After a Nachtmystium-less hour-and-a-half certainly everyone in “Hell” were ready for something, anything. Luckily it was Oslo, Norway's 1349 to end the night in a cloak of the most chiding, lambastic Norwegian black metal that side of the Atlantic. Touring in support of their long-awaited follow up to 2005's Hellfire (Candlelight), titled Revelations of the Black Flame, 1349 had the near impossible feat of bookending what was now nearly 11 hours of metal. Taking the stage in full corpsepaint (luckily the only band to don the trademark Norwegian get up, though one wandering teen had a shoddy imitation job), they went right to work with such a cruelty and disregard for the sluggish crowd that the only thing to do was perk up and stand in awe of one of the few remaining 2nd wave of Norwegian black metal bands around (Mayhem lacks any original members save Hellhammer, Gorgoroth have actually become two separate bands with both retaining the original name, while countless others have either disbanded or have changed so drastically that it is something else altogether). There were the predictable commands of, “Let me see the horns!” and “…blah, blah, blah, DARKNESS!” but none of it swayed the enamored crowd, eyes and mouth agape and cell phones attempting to capture this piece of personal history. Ravn (vocals) stampeded to and fro matching eyes with onlookers while praising everything evil while the stringed duo of Archaon (guitar) and Seidemann (bass) picked and pounded with such a machine gun precision and the collective, equal hate for all mankind was evident in each and every small gesture. With each song grew more listeners (spilling in from the recently finished Mastodon, whose antics and every movement are so extensively written about and known that it is unneeded in this coverage) and, subsequently, more power from both the crowd and the band. Drummer Mads Hardcore maintained the precedent set by full time drummer Frost (off with his other project, fellow metal mainstays Satyricon) with such ease that it is a wonder that these touring drummers don't have the notoriety of their absentees. The spark that 1349 re-ignited in the eyes and souls of everyone in attendance was so masterfully done and permanently bruising that ending such a day—a day full of surprises, piercing tones, and forays into the deepest, darkest corners of the psyche—became less relieving and more sorrowful than anybody could've guessed.
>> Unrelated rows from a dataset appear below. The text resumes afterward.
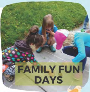
FAMILY FUN DAYS

It's certainly been a different summer than we anticipated, but we are so grateful for creativity and technology that's allowed for continual connection within our community! Our children, youth, and their families explored and celebrated and learned and grew together: restoring our energies and offering hope for whatever the future brings!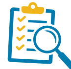
Contact tracing in collaboration with local health departments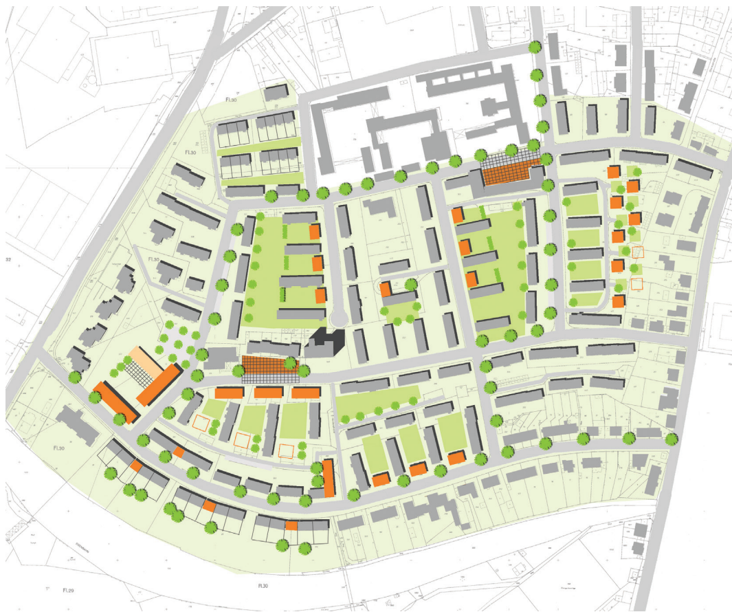
Fig.5: Neighborhood Concept for the Südstadt

For the purpose of a comprehensive concept, the requirements of older people are placed in the middle point, although the neighborhood concept for Südstadt also displays ways through which the district can be made more attractive for other resident groups as well as urban revitalization. This includes the “relationship between living within the dwelling and participating in happenings outside of it [...] such as the social relationships between older people and between generations” (BMBau 1995: 14f). In the following, three of the conceptual building blocks are described as examples.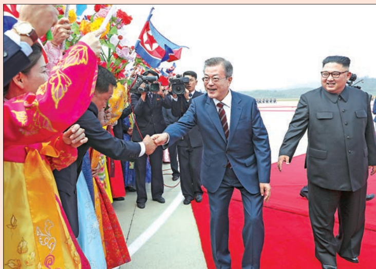
South Korean President Moon Jae-in (2 nd r) is welcomed by North Korean citizens as North Korean leader Kim Jong Un (r) looks on during a welcoming ceremony at Pyongyang airport on 18 September, 2018.

"I am acutely aware of the weight that we bear," Moon told Kim as they opened two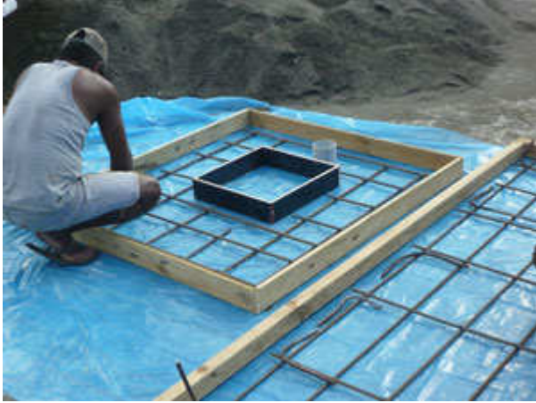
Building the framework

Many of the locals turned out to assist keen to learn how to do it themselves. A printed copy of the manual was left for the villagers to refer to in the future.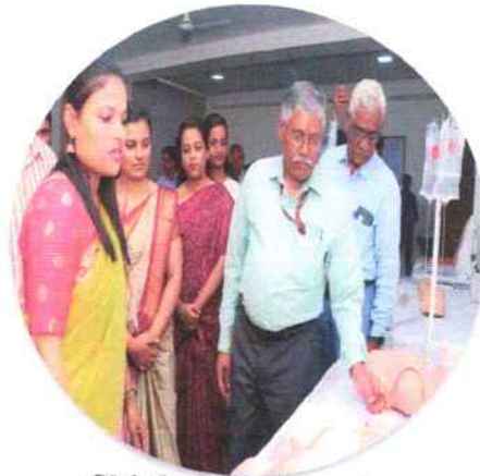
Chief guest observing a simulator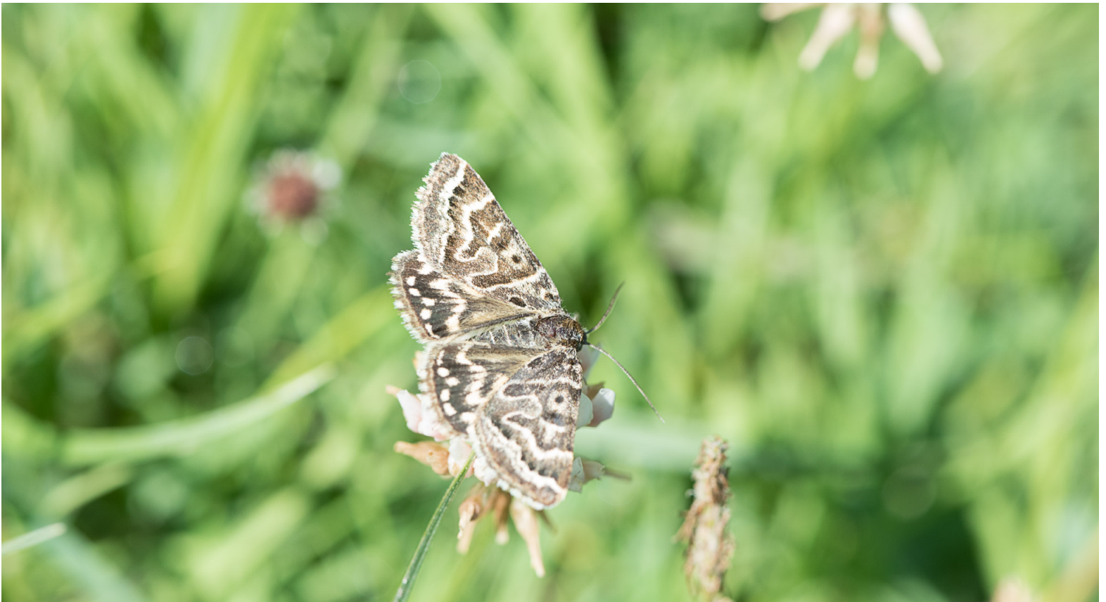
Top left - Brown-lined Moth, Top right - Antler Moth and Bottom - Mother Shipton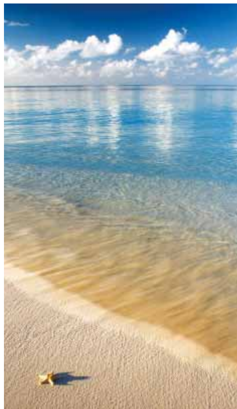
Bright / Sunny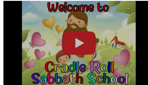
Cradle Roll Sabbath School - OCTOBER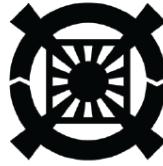
(56) UNIFICATION CHURCH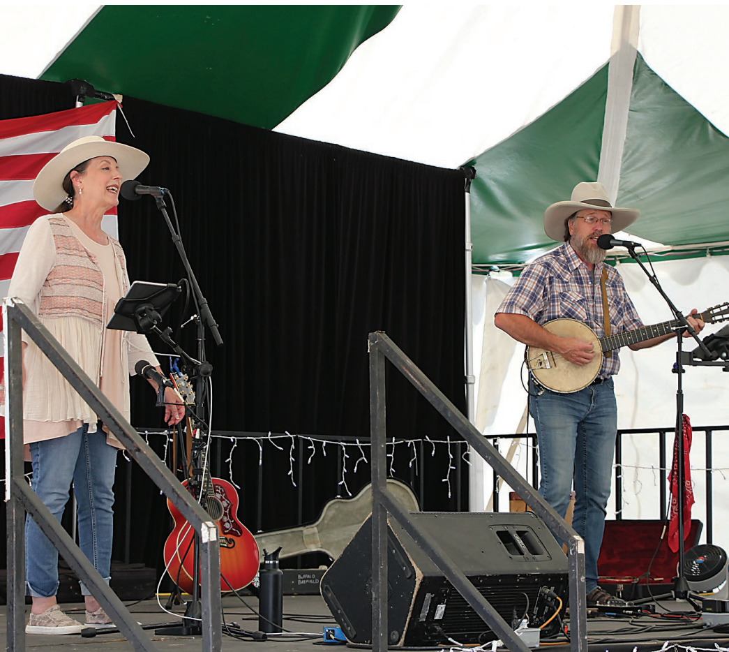
The Barfields entertain the audience under the Entertainment Tent.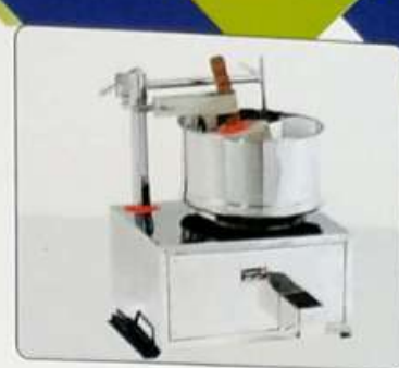
Wet Grinder Conventional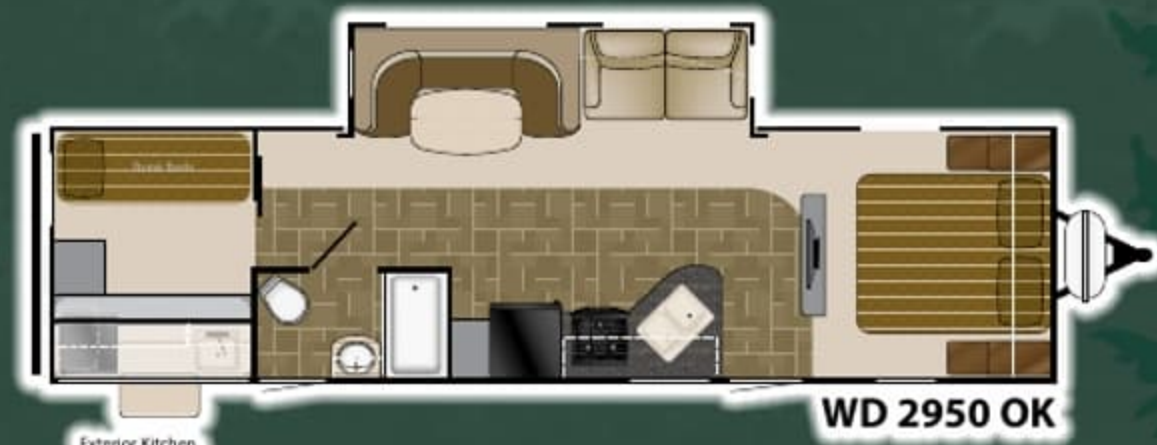
WD 2950 OK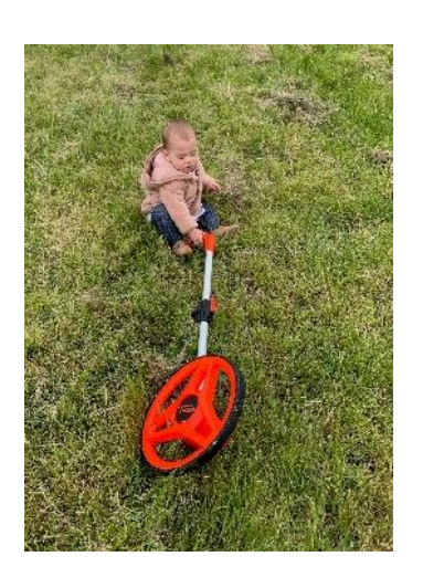
Our littlest (and the cutest) member helping out at All Ford Day!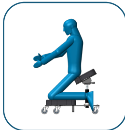
Kneeling in a seated position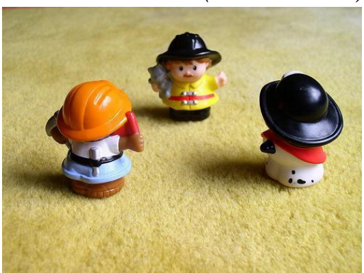
I want both of you to...

This style is used when leaders tell their employees what they want done and how they want it accomplished, without getting the advice of their followers. Some of the appropriate conditions to use it is when you have all the information to solve the problem, you are short on time, and your employees are well motivated.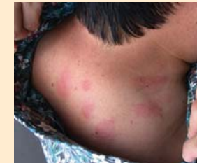
LFA easily fall from trees and get under clothes

The ants climb up into plants of all sizes, including trees. They drop off easily when the plants are disturbed, and they can rain down on you in large numbers when you are pruning branches, harvesting fruit, or picking flowers. Some orchard workers in East Hawai'i have quit their jobs because of this.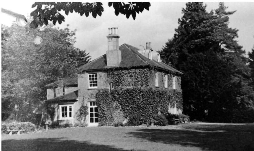
Figure 1.2 The Old Rectory in 1965.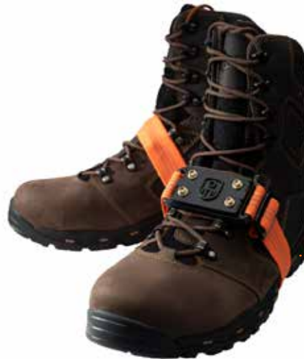
CLEATS CAN BE EASILY FLIPPED TO THE TOP OF THE BOOT WHEN MOVING INDOORS

The day began full of promises and ended with very few broken. The stunning lineup, fair prices, moderate security (enough for safety concerns but never overbearing) and a semi-tight schedule (the “Heaven” Stage seemed to run a bit early) all came together with such ease that it would be silly not to put on another party of this magnitude. Except maybe this time try to get it sponsored by an ad for that '74 Camaro mentioned earlier: “The Craigslist Used Camaro Sold for Parts Metal Fest '10.”